**REQUIREMENT:**
Skip the pictures and restate, word for word, the lines from the one containing "Блок питания ATX" to the end of the data below.
--- INPUT ---
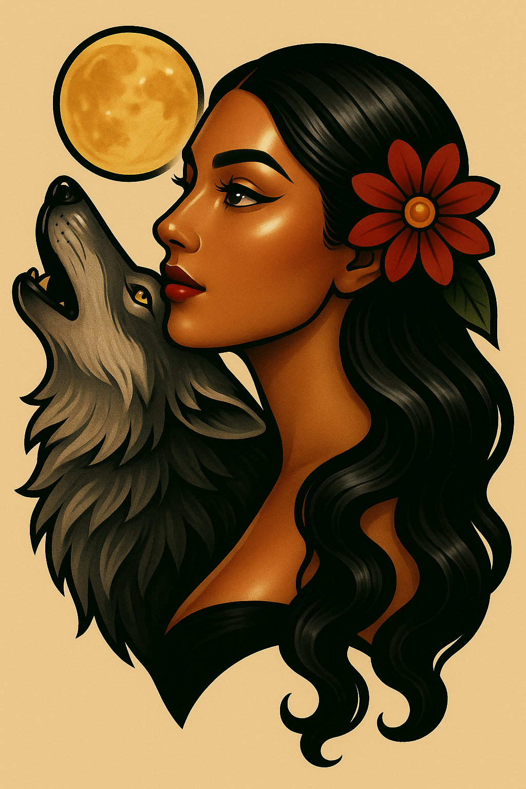 /Collection: /by davooda/Type: PNG/A striking illustration featuring a woman with long, flowing hair and a wolf beside her, gazing at a large moon. The composition blends tattoo aesthetics with a glossy, anime-inspired finish.
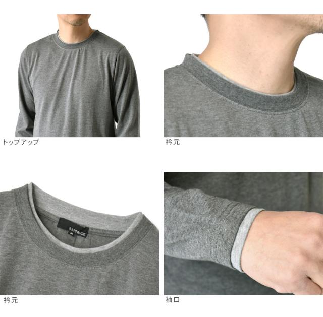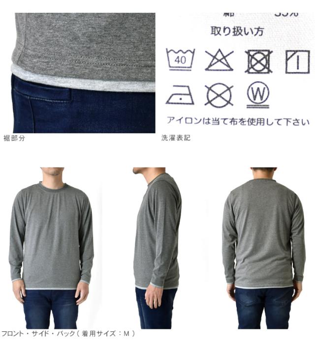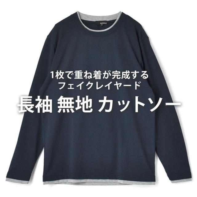 フェイクレイヤード クルーネック 無地 長袖 カットソー【C3J】
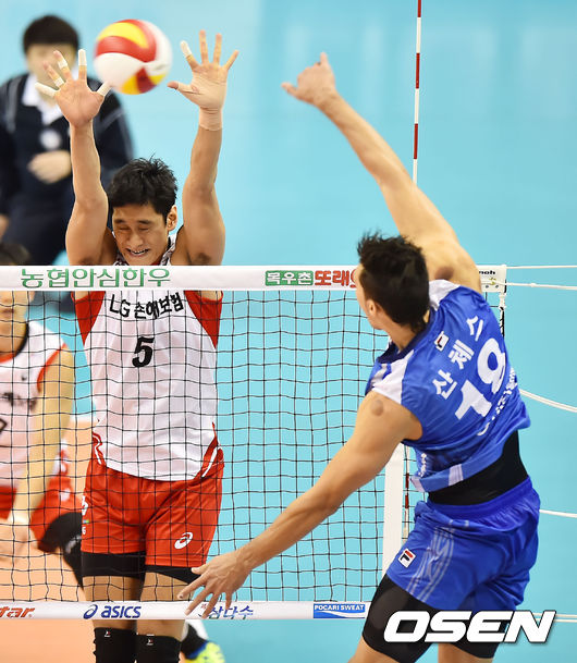 18일 오후 경상북도 구미시 광평동 박정희체육관에서 열린 '2014-2015 NH농협 V-리그' LIG손해보험과 대한항공의 경기, 2세트 LIG손해보험 김요한이 대한항공 산체스의 강타를 블로킹하고 있다.
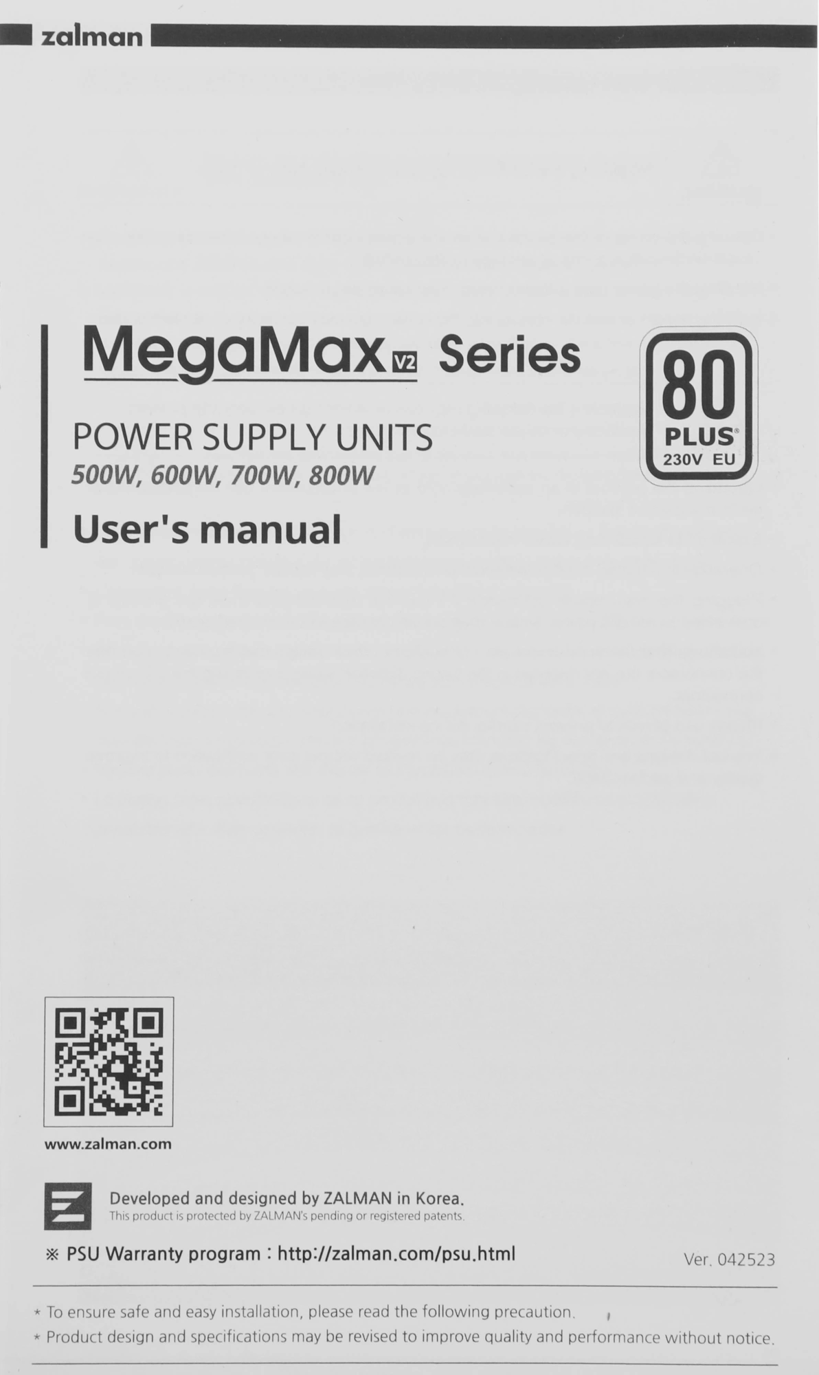 Блок питания ATX 600W 80+standart AFPC 12cm Fan 6xSATA ZM600-TXIIv2 ZALMAN
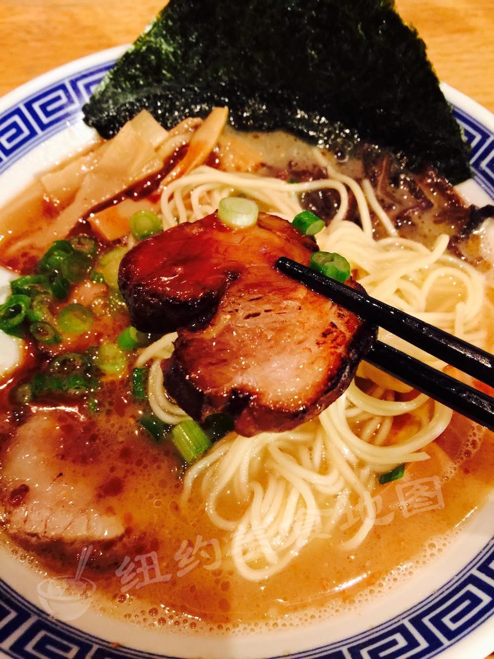 ramen-07位于中城的这家店开业不久就已经积累了不少人气。一是因为店面的设计独具匠心,还原了日本昭和年间(上世纪30年代至80年代末)繁盛的商店街景象,别有一番风味。二则是因为他们店的招牌拉面:黑汤角煮拉面(Kakuni Ramen)。角煮的意思是炖猪五花肉,与我们中国的红烧肉相似,店家大方地给了两大块。黑汤则是加了黑麻油,回味香醇。这样的一碗面,对于爱吃肉的男生的来说,再合适不过啦。
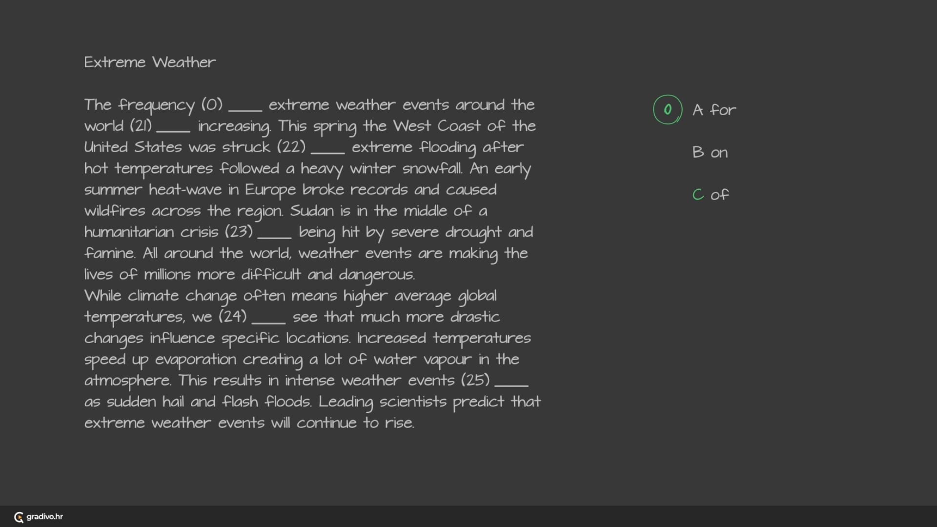 While climate change often means higher average global temperatures, we (24)
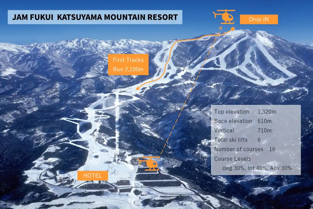 本ツアーは、移動と雪山体験を一体化したラグジュアリーな体験です。ヘリコプターで福井まで快適に移動し、西日本最大級のゲレンデ「JAM福井勝山マウンテンリゾート」の山頂エリア(標高1,320m)へ直行。まだ誰も滑っていない特別なコンディションで、その日最初の滑走を楽しめる“ファーストトラック”を体験できます。1日で非日常と冬の本質的な魅力を味わえるツアーです。 |
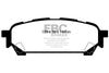 Designed for premium street driving offering better brake effect up to 600-degrees C (1100-degrees F). EBC Greenstuff has a high initial brake effect and gives drivers confidence from first application of the brake pedal. There is no such thing as a NO DUST pad. The very nature of how a brake works requires that some dust be generated to avoid rotor vibration (shimmying). The EBC pad creates less dust and dust is more easily washed off than most. All pads create more dust as they are bedding in especially if rotors are worn. Nominal friction coefficient 0.55. For heavier faster cars and vehicles above 200bhp we strongly recommend Redstuff which DOES offer much less dust.
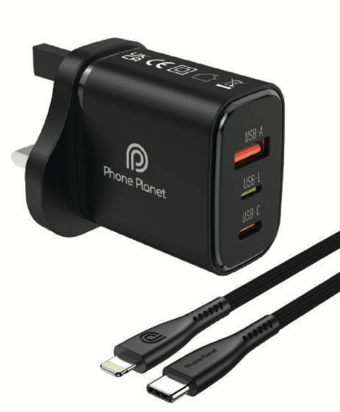 شاحن بمنفذ USB-L + منفذ USB-C + منفذ USB-A -30W -Phone planet
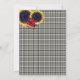 Sött flickmotiv för 1:a Drive Through födelsedagsfest med en grupp nyckelpigor med solrosor på en gul och vit ram med en svart-vit rutig bakgrund. Det rutiga mönstret, solrosorna och nyckelpigemotivet fortsätter på baksidan. Sammansatt vektordesign med originalillustration av nyckelpigor av Holiday Hearts Designs (rättigheter förbehållna).
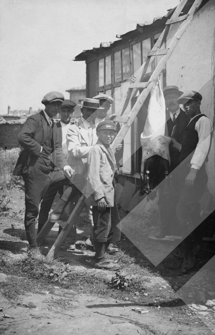 Vani Burda, rreth 1935-1940, Në përgatitje të qengjit të Pashkës (në qendër fotografi Vani Burda), negativ në letër,, 9 x 14 cm.
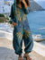 Women's Retro Abstract Floral Pattern Print Long-sleeved Denim Cotton Hooded Jumpsuit
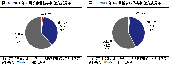 2021年8月,企業債有擔保的債券共計19只,數量占比39%,較上月下降1個百分點。分主體級別看,AA級主體選擇保證方式增信發行的債券比重為81.3%,較上月下降5.4個百分點;AA+級主體選擇增信發行的債券比重為15.8%,較上月下降15.5個百分點。綜合2021年1-8月看,有增信的債券占比43%,與上年持平。從趨勢看,2021年6月以來有增信債券占比呈現下降。
---
**YOUR RESPONSE:**
 Блок питания ATX 600W 80+standart AFPC 12cm Fan 6xSATA ZM600-TXIIv2 ZALMAN
 ramen-07位于中城的这家店开业不久就已经积累了不少人气。一是因为店面的设计独具匠心,还原了日本昭和年间(上世纪30年代至80年代末)繁盛的商店街景象,别有一番风味。二则是因为他们店的招牌拉面:黑汤角煮拉面(Kakuni Ramen)。角煮的意思是炖猪五花肉,与我们中国的红烧肉相似,店家大方地给了两大块。黑汤则是加了黑麻油,回味香醇。这样的一碗面,对于爱吃肉的男生的来说,再合适不过啦。
 While climate change often means higher average global temperatures, we (24)
 本ツアーは、移動と雪山体験を一体化したラグジュアリーな体験です。ヘリコプターで福井まで快適に移動し、西日本最大級のゲレンデ「JAM福井勝山マウンテンリゾート」の山頂エリア(標高1,320m)へ直行。まだ誰も滑っていない特別なコンディションで、その日最初の滑走を楽しめる“ファーストトラック”を体験できます。1日で非日常と冬の本質的な魅力を味わえるツアーです。 |
 Designed for premium street driving offering better brake effect up to 600-degrees C (1100-degrees F). EBC Greenstuff has a high initial brake effect and gives drivers confidence from first application of the brake pedal. There is no such thing as a NO DUST pad. The very nature of how a brake works requires that some dust be generated to avoid rotor vibration (shimmying). The EBC pad creates less dust and dust is more easily washed off than most. All pads create more dust as they are bedding in especially if rotors are worn. Nominal friction coefficient 0.55. For heavier faster cars and vehicles above 200bhp we strongly recommend Redstuff which DOES offer much less dust.
 شاحن بمنفذ USB-L + منفذ USB-C + منفذ USB-A -30W -Phone planet
 Sött flickmotiv för 1:a Drive Through födelsedagsfest med en grupp nyckelpigor med solrosor på en gul och vit ram med en svart-vit rutig bakgrund. Det rutiga mönstret, solrosorna och nyckelpigemotivet fortsätter på baksidan. Sammansatt vektordesign med originalillustration av nyckelpigor av Holiday Hearts Designs (rättigheter förbehållna).
 Vani Burda, rreth 1935-1940, Në përgatitje të qengjit të Pashkës (në qendër fotografi Vani Burda), negativ në letër,, 9 x 14 cm.
 Women's Retro Abstract Floral Pattern Print Long-sleeved Denim Cotton Hooded Jumpsuit
 2021年8月,企業債有擔保的債券共計19只,數量占比39%,較上月下降1個百分點。分主體級別看,AA級主體選擇保證方式增信發行的債券比重為81.3%,較上月下降5.4個百分點;AA+級主體選擇增信發行的債券比重為15.8%,較上月下降15.5個百分點。綜合2021年1-8月看,有增信的債券占比43%,與上年持平。從趨勢看,2021年6月以來有增信債券占比呈現下降。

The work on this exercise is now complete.